Now, being lavished with gifts so quickly and so publically, it would surely stop any idea of the villagers performing the Kezazah ceremony, as the son was now openly reconciled to the father. Unfortunately I cannot spend any time here going into any of the details on the gifts he was given, but suffice it to say they were prime, extravagant gifts from the father.
Now, while all of this is going on, the older son returns home.

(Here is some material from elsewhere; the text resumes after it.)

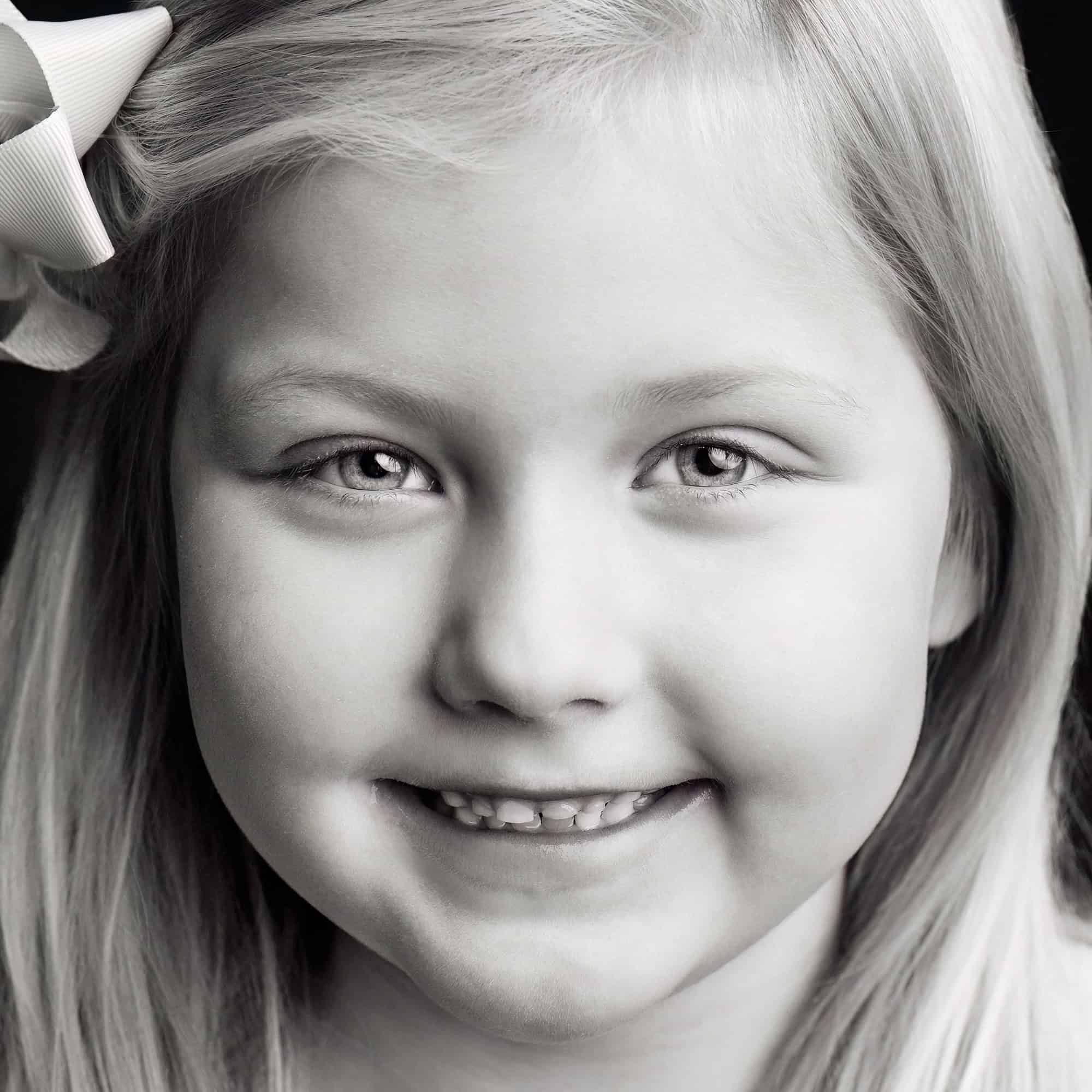 Just your child’s face— photographed as a classic black-and-white close-up portrait that allows every detail of their face and expression to take center stage.

"Now his older son was in the field, and as he came and drew near to the house, he heard music and dancing. And he called one of the servants and asked what these things meant. And he said to him, 'Your brother has come, and your father has killed the fattened calf, because he has received him back safe and sound.' But he was angry and refused to go in. (Luke 15:25-28a ESV)
In their culture, the eldest brother is the one responsible for assisting in the reconciliation process between the father and younger brothers if the need arose. This older brother should have stepped in way back at the begging of the story, and tried whole heartedly to stop the younger brother from doing what he was doing in breaking the father's heart to begin with, but he did not.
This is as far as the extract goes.